▶ **Exercise brief**:
All of the records below must be output exactly, with no pictures carried over.

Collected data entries
[Start of Attachment]

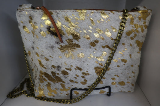 Acid-wash Crossbody Leather Bag for Women- Gold/White
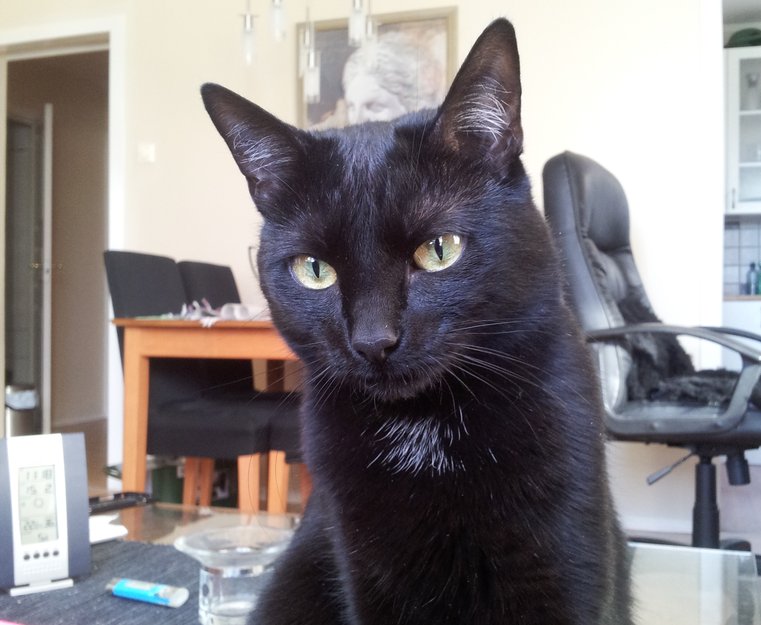 Hun har en liten hvit flekk på halsen og har lengre pels under buken siden hun blitt kastrert.
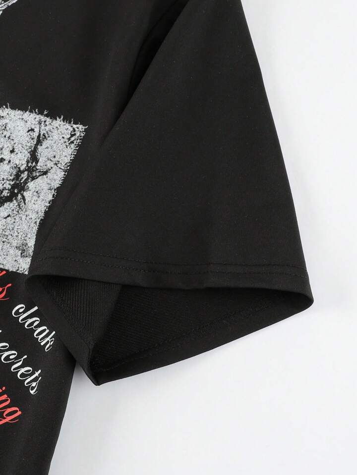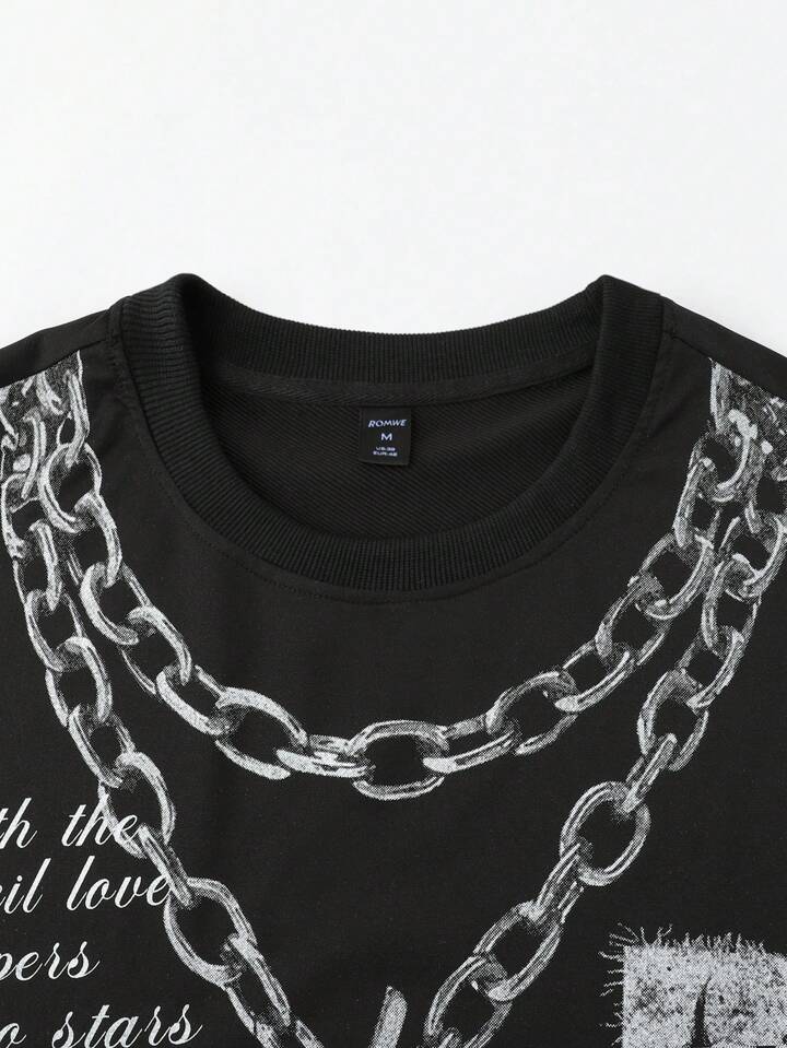 Goth Men's Grunge Chain Pattern Heavyweight Loose Short Style Printed T-Shirt
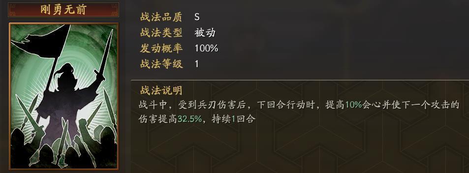 在事件战法拔矢啖睛中,用5星夏侯惇、高顺、夏侯渊和4星李典以及3星吕虔可以换取战法刚勇无前,同样是具有100%发动率的被动战法,适合用于中慢速队伍中的兵刃伤害类型武将。最高提供20%会心伤害,与西凉铁骑基本相当。最高减少对方下一次攻击伤害65%,这个很厉害,使这个战法既能增伤也能减伤。理论上张飞、孟获、董卓等兵刃输出型武将都能携带,搭配击其惰归、绝地反击、横扫千军等战法,伤害数值会让人更加心旷神怡。
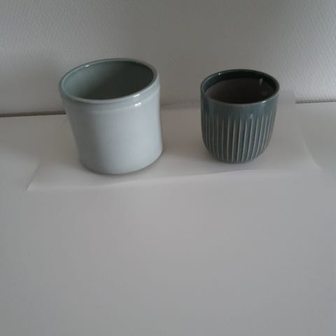 Yhdessä ruukussa ollut narureuna koristeena ja se lähti nyt irtoamaan. Ostaja voi halutessaan liimata sen takaisin. Se sopii ruukkuun hyvin mutta on pelkkä koriste ja ruukku on kaunis ilmankin.
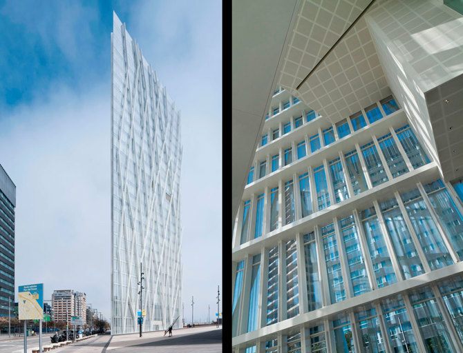 El proyecto toma esta condición múltiple como una oportunidad para generar una torre contextual que es a la vez un hito y un espacio público, tomando las alineaciones del perímetro del solar como generatrices del edificio. Es un prisma trapezoidal agudo y estilizado, una construcción blanquecina ligera y reverberante. Su transparencia revela los volúmenes interiores dinámicos y variados que responden a las diferentes especificidades del programa y que se relacionan con las diversas alturas de los edificios vecinos.
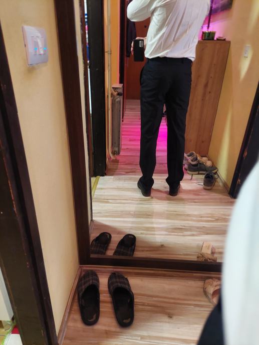 Hlace su proširene tako da ih ja sa 84kg jedva mogu zakopčati. Sako također. Nekome sa 75-80kg će stajati dobro.
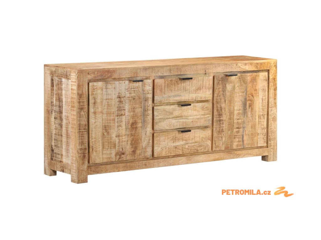 Tato odkládací skříňka je vyrobená z hrubého mangovníkového dřeva, tropického tvrdého dřeva, které snese nadměrné zatížení a odolá opotřebení v průběhu času. Prvotřídní řemeslné zpracování a nádherná struktura dřeva je mírně odlišná na každém kusu nábytku, takže se jednotlivé kusy lehce odlišují. Skříňka se 2 dvířky a 3 zásuvkami nabízí spoustu místa, kde můžete uschovat knihy, časopisy a další předměty dobře organizované a na dosah ruky. Její robustní horní část je navíc ideální pro umístění dekorativních předmětů, jako jsou vázy a fotorámečky.
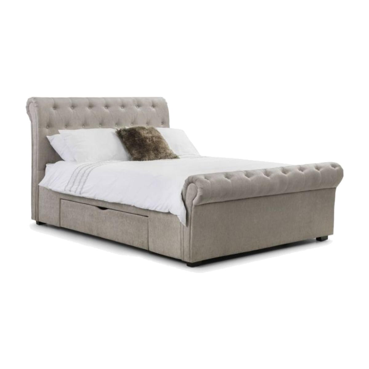 Ravello is a stunning fabric bed in a classic scroll design, finished in a lovely soft touch mink chenille. It is a substantial bed characterised by exquisitely finished, sumptuous upholstery and a striking deep buttoned, high headboard with matching footboard. Two large under bed drawers add phenomenal amount of storage space. Ravello adds a wow factor to any bedroom and is a perfect match for traditional and contemporary interiors alike. A sprung slatted base ensures extra comfort and prolonged mattress life. Classic scroll design. Immaculate deep buttoned upholstery. Two large storage drawers - 115cm W x 57cm D x 17.5cm H. Dimensions: 238cm (D) x 146cm (W) x 114cm (H) Requires assembly. Please note, this product is an online exclusive and is not available to view in any of our stores.
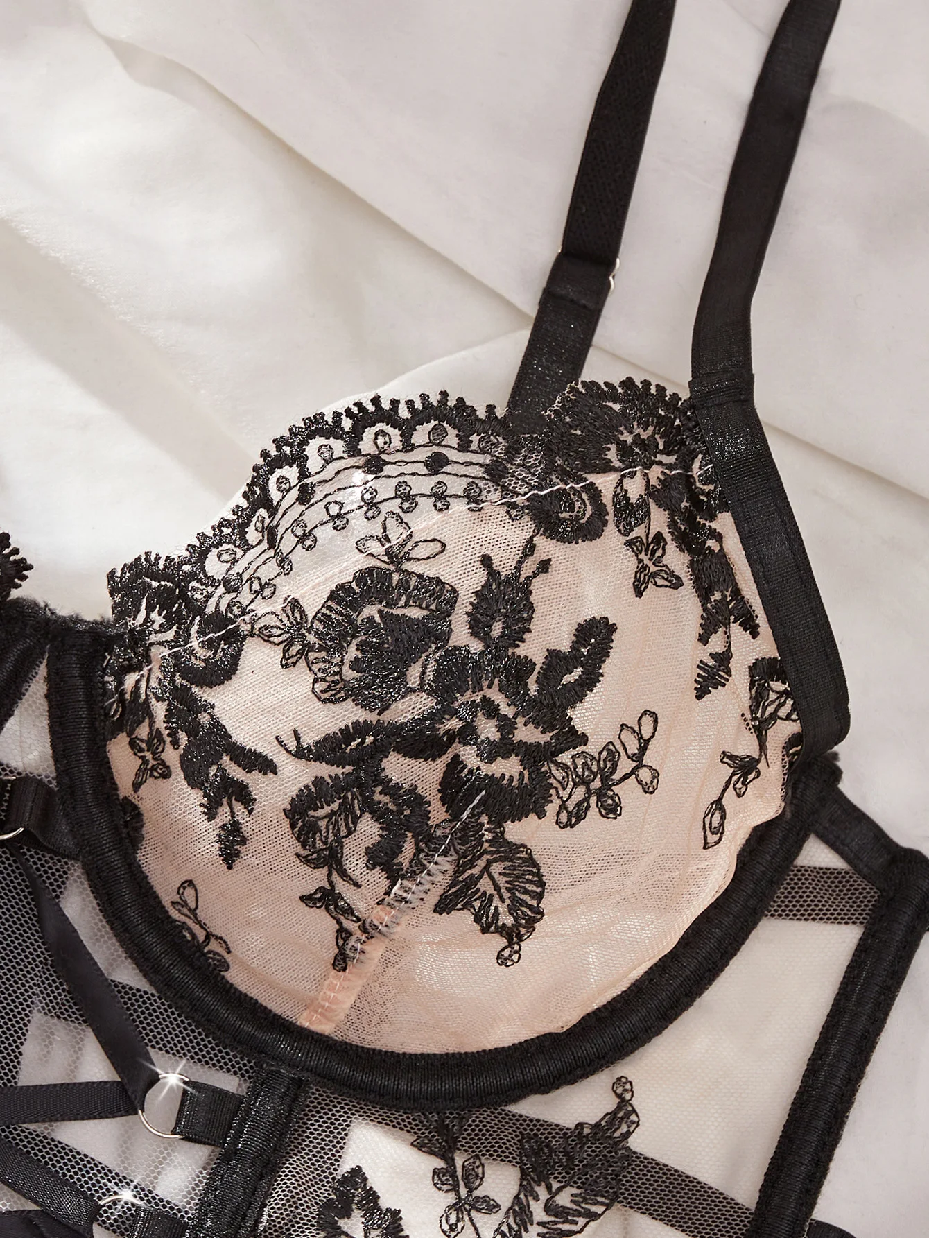 2026 BOON Cross-Border Vintage Floral Embroidered Crisscross Strap Bra Sheer Sexy Lingerie Set for Women
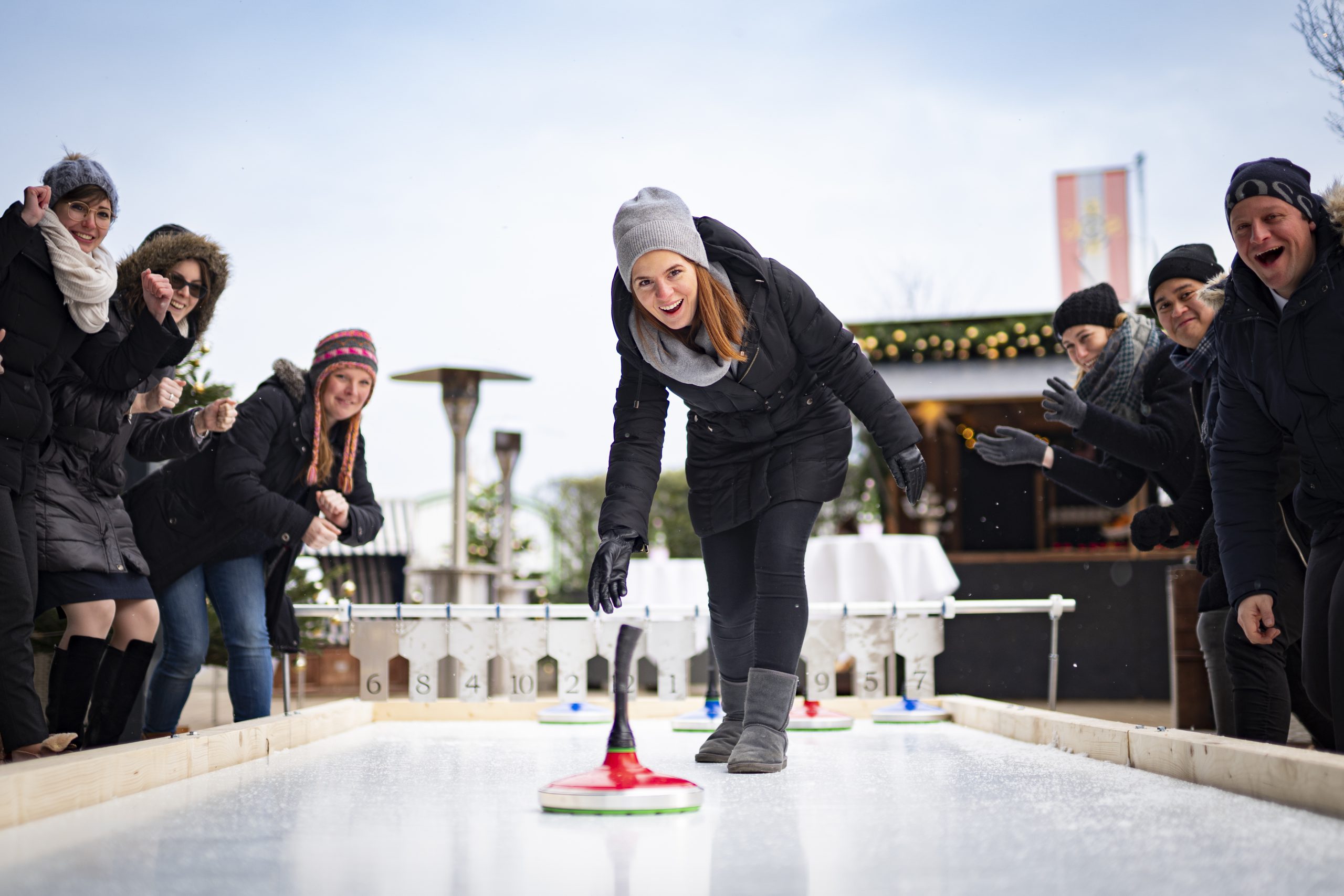 Gruppen können im Hilton Vienna Danube Waterfront die Adventszeit mit einer Partie Curling zelebrieren. Für kleine Gruppen und nach Voranmeldung bietet das Hotel exklusive Curlingangebote auf der hauseigenen Bahn an. Punsch zum Aufwärmen und ein gemütliches Dinner in der Waterfront Kitchen sind dabei natürlich inkludiert.
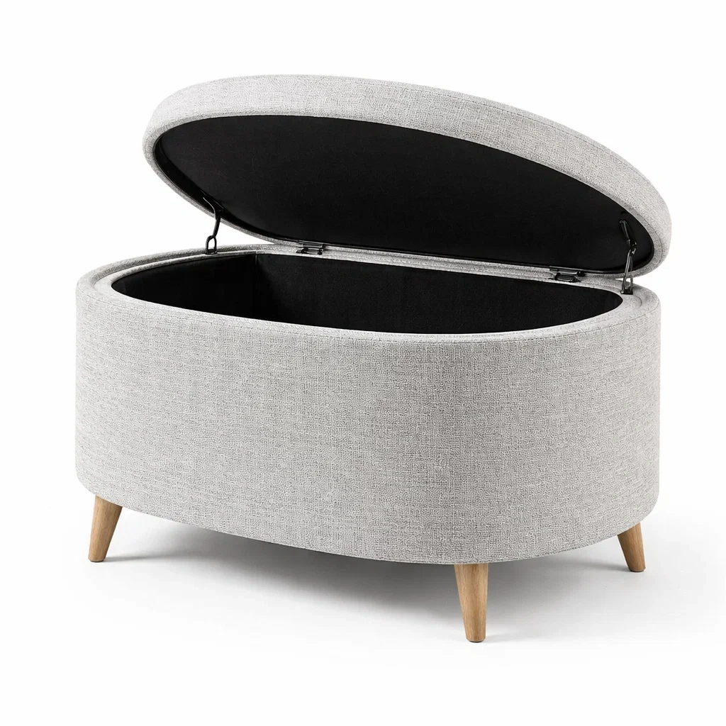 Panca contenitore ovale in legno e tessuto grigio
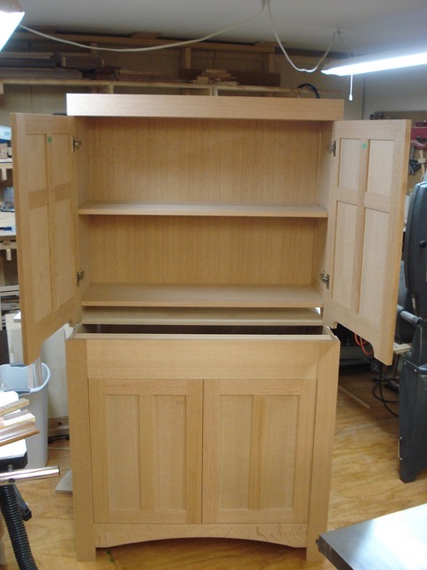 An architect friend of mine asked if I would make some custom cabinetry for his home. He provided design drawings that included the Christian cross,and he applied final finish after the cabinets were assembled. The photographs below show the raw cabinets prior to finish application.
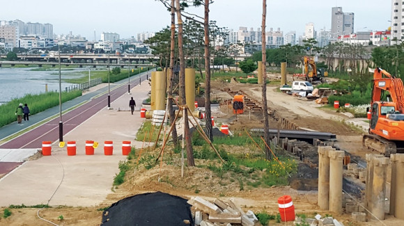 완산동쪽 둔치에 하수관 공사가 한창이다. 이곳은 시민들이 운동이나 산책 등으로 많이 나오는 곳이며, 또 화단이 잘 정비돼 있어 꽃구경 나오는 시민들도 있는데, 공사 측은 공사장비, 공사 자재 등을 편의주의 식으로 방치, 안전관리가 소홀하다는 지적이다.

[End of Attachment]

▶ **Solved exercise**:
 Acid-wash Crossbody Leather Bag for Women- Gold/White
 Hun har en liten hvit flekk på halsen og har lengre pels under buken siden hun blitt kastrert.
 Goth Men's Grunge Chain Pattern Heavyweight Loose Short Style Printed T-Shirt
 在事件战法拔矢啖睛中,用5星夏侯惇、高顺、夏侯渊和4星李典以及3星吕虔可以换取战法刚勇无前,同样是具有100%发动率的被动战法,适合用于中慢速队伍中的兵刃伤害类型武将。最高提供20%会心伤害,与西凉铁骑基本相当。最高减少对方下一次攻击伤害65%,这个很厉害,使这个战法既能增伤也能减伤。理论上张飞、孟获、董卓等兵刃输出型武将都能携带,搭配击其惰归、绝地反击、横扫千军等战法,伤害数值会让人更加心旷神怡。
 Yhdessä ruukussa ollut narureuna koristeena ja se lähti nyt irtoamaan. Ostaja voi halutessaan liimata sen takaisin. Se sopii ruukkuun hyvin mutta on pelkkä koriste ja ruukku on kaunis ilmankin.
 El proyecto toma esta condición múltiple como una oportunidad para generar una torre contextual que es a la vez un hito y un espacio público, tomando las alineaciones del perímetro del solar como generatrices del edificio. Es un prisma trapezoidal agudo y estilizado, una construcción blanquecina ligera y reverberante. Su transparencia revela los volúmenes interiores dinámicos y variados que responden a las diferentes especificidades del programa y que se relacionan con las diversas alturas de los edificios vecinos.
 Hlace su proširene tako da ih ja sa 84kg jedva mogu zakopčati. Sako također. Nekome sa 75-80kg će stajati dobro.
 Tato odkládací skříňka je vyrobená z hrubého mangovníkového dřeva, tropického tvrdého dřeva, které snese nadměrné zatížení a odolá opotřebení v průběhu času. Prvotřídní řemeslné zpracování a nádherná struktura dřeva je mírně odlišná na každém kusu nábytku, takže se jednotlivé kusy lehce odlišují. Skříňka se 2 dvířky a 3 zásuvkami nabízí spoustu místa, kde můžete uschovat knihy, časopisy a další předměty dobře organizované a na dosah ruky. Její robustní horní část je navíc ideální pro umístění dekorativních předmětů, jako jsou vázy a fotorámečky.
 Ravello is a stunning fabric bed in a classic scroll design, finished in a lovely soft touch mink chenille. It is a substantial bed characterised by exquisitely finished, sumptuous upholstery and a striking deep buttoned, high headboard with matching footboard. Two large under bed drawers add phenomenal amount of storage space. Ravello adds a wow factor to any bedroom and is a perfect match for traditional and contemporary interiors alike. A sprung slatted base ensures extra comfort and prolonged mattress life. Classic scroll design. Immaculate deep buttoned upholstery. Two large storage drawers - 115cm W x 57cm D x 17.5cm H. Dimensions: 238cm (D) x 146cm (W) x 114cm (H) Requires assembly. Please note, this product is an online exclusive and is not available to view in any of our stores.
 2026 BOON Cross-Border Vintage Floral Embroidered Crisscross Strap Bra Sheer Sexy Lingerie Set for Women
 Gruppen können im Hilton Vienna Danube Waterfront die Adventszeit mit einer Partie Curling zelebrieren. Für kleine Gruppen und nach Voranmeldung bietet das Hotel exklusive Curlingangebote auf der hauseigenen Bahn an. Punsch zum Aufwärmen und ein gemütliches Dinner in der Waterfront Kitchen sind dabei natürlich inkludiert.
 Panca contenitore ovale in legno e tessuto grigio
 An architect friend of mine asked if I would make some custom cabinetry for his home. He provided design drawings that included the Christian cross,and he applied final finish after the cabinets were assembled. The photographs below show the raw cabinets prior to finish application.
 완산동쪽 둔치에 하수관 공사가 한창이다. 이곳은 시민들이 운동이나 산책 등으로 많이 나오는 곳이며, 또 화단이 잘 정비돼 있어 꽃구경 나오는 시민들도 있는데, 공사 측은 공사장비, 공사 자재 등을 편의주의 식으로 방치, 안전관리가 소홀하다는 지적이다.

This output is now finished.